In many ways, this worries me more than letting kids use calculators and forget to add up (or at least, it's the equivalent brain damage for nonmathematical subjects). What the hell happens when these kids get to law school and are presented with five hundred yards of transcripts and no search engine in sight.
This is the most blatant example of censorship through moderation I have ever seen. This post is presented in polite language throughout, is reasonably grammatical and makes a clear point of view, well-argued by the standards of slashdot. And it's marked "troll".

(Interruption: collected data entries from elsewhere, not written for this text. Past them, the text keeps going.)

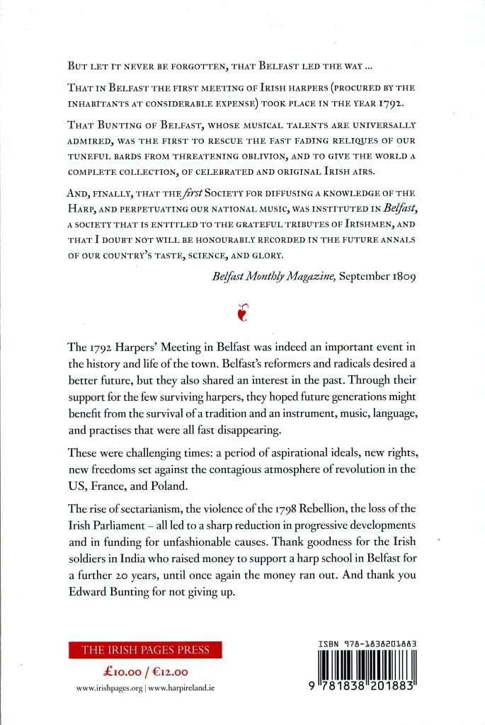 Hot off the press – GATHERINGS OF IRISH HARPERS 1780-1840 by David Byers. Commissioned by Harp Ireland and Reclaim the Enlightenment for the Harps Alive festival. Book launch (and Festival launch) on Friday 15 July at 6pm in the Linen Hall Library. Free admission. Book published by Irish Pages Press.
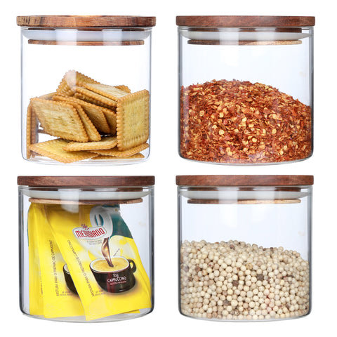 KKC Borosilicate Glass Storage Jars with Wooden Lids,18 FLoz (550 ML),Set of 4
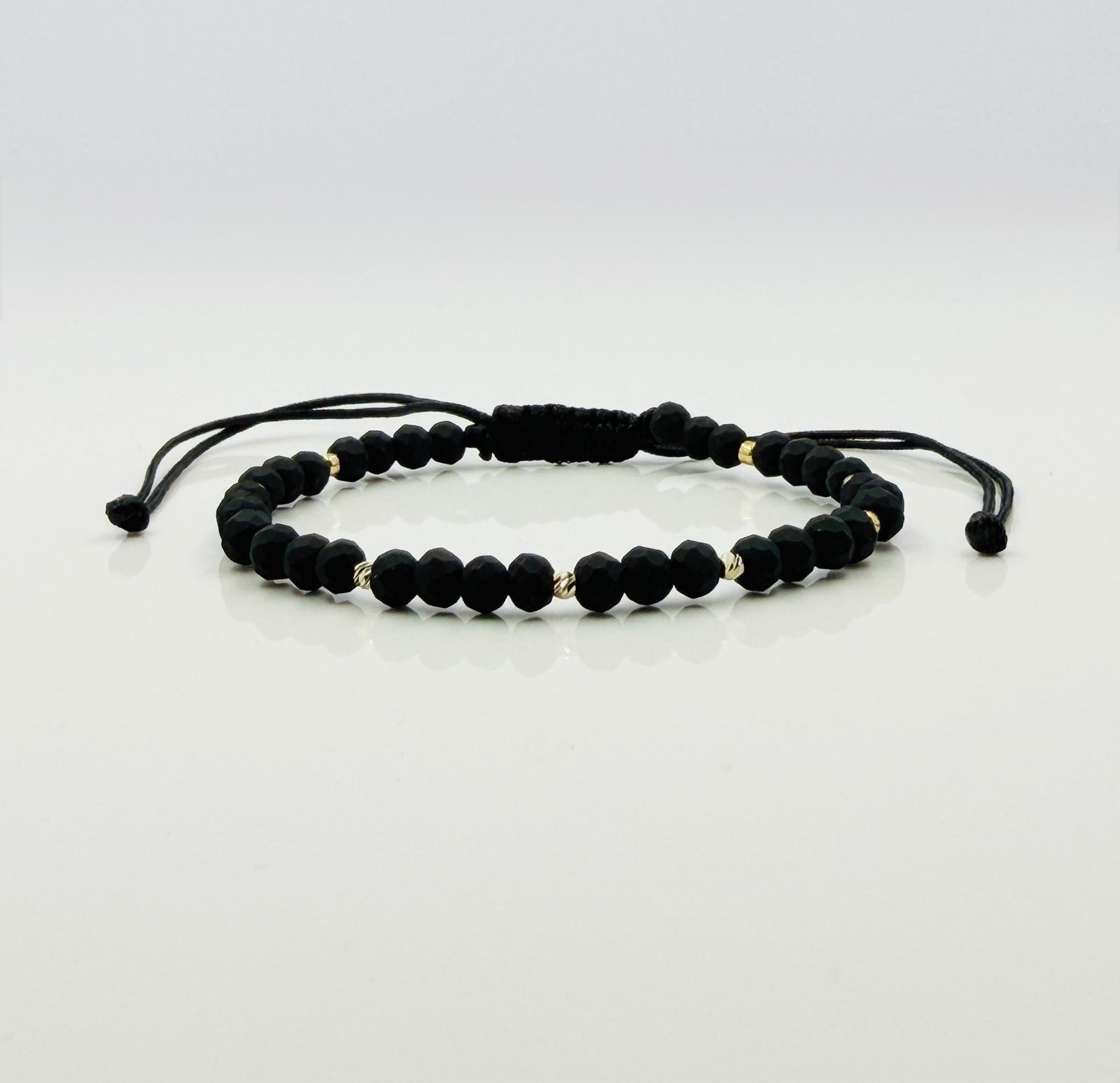 Bratara cu onix si 10 bilute din aur 14k
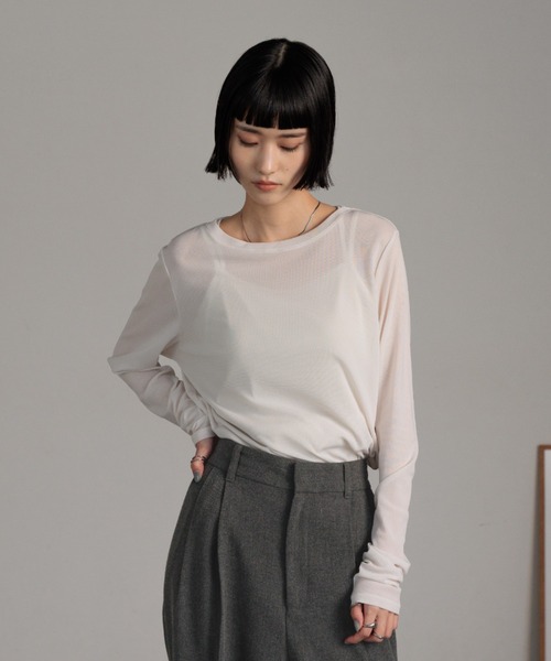 ■素材■伸縮性に富んだナイロン100%のメッシュです。ナイロン特有の柔らかさと肌触りの良さを兼ね備えた素材です。■デザイン■伸縮性と透け感のあるシアー生地は、1枚でもレイヤードでもサマになるアイテムです。ピッタリし過ぎないサイズ感もおすすめです。■スタイリング■袖丈は長めに作っているので、レイヤードしたときに袖から出せる丈もポイントです!ベスト、サロペット、ジャケットのインナーとしても大活躍まちがいなし。.
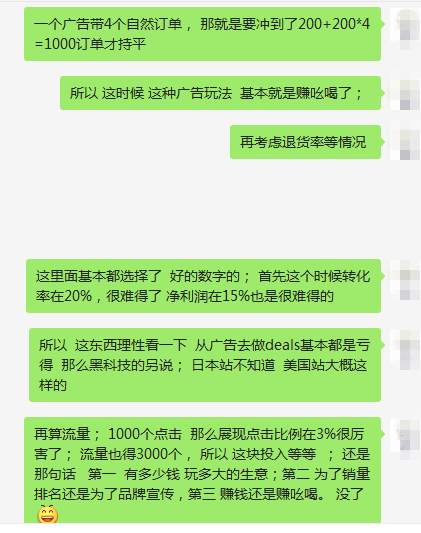 所以到底赚不赚钱还是要理性看待的,最后的结论是广告与销售额的比例在15%以下才基本赚钱。再就是看广告是否在本次的deals里面引起了自身店铺产品之间的捆绑销售与多数量销售。

Lissen you dumbfuck, long-haired, Quake playing socially retarded thirteen year olds, you wouldn't know a troll if it came up and bit you hard on the anus. As a very wise man once said to me "Fuck you". My name's John Saul Montoya, from the East Fucken Coast, and speaking as a leading lawyer with experience of the open source (or "freeware" movement from its beginning in 1996, I have to say that the communist Linux users have no idea of the necessity for gun control. They'd probably rather be indoctrinating children with pseudoscientific gobbledegook in the name of "evolution", while lying about the effects of abortion on women in order to peddle the gay agenda.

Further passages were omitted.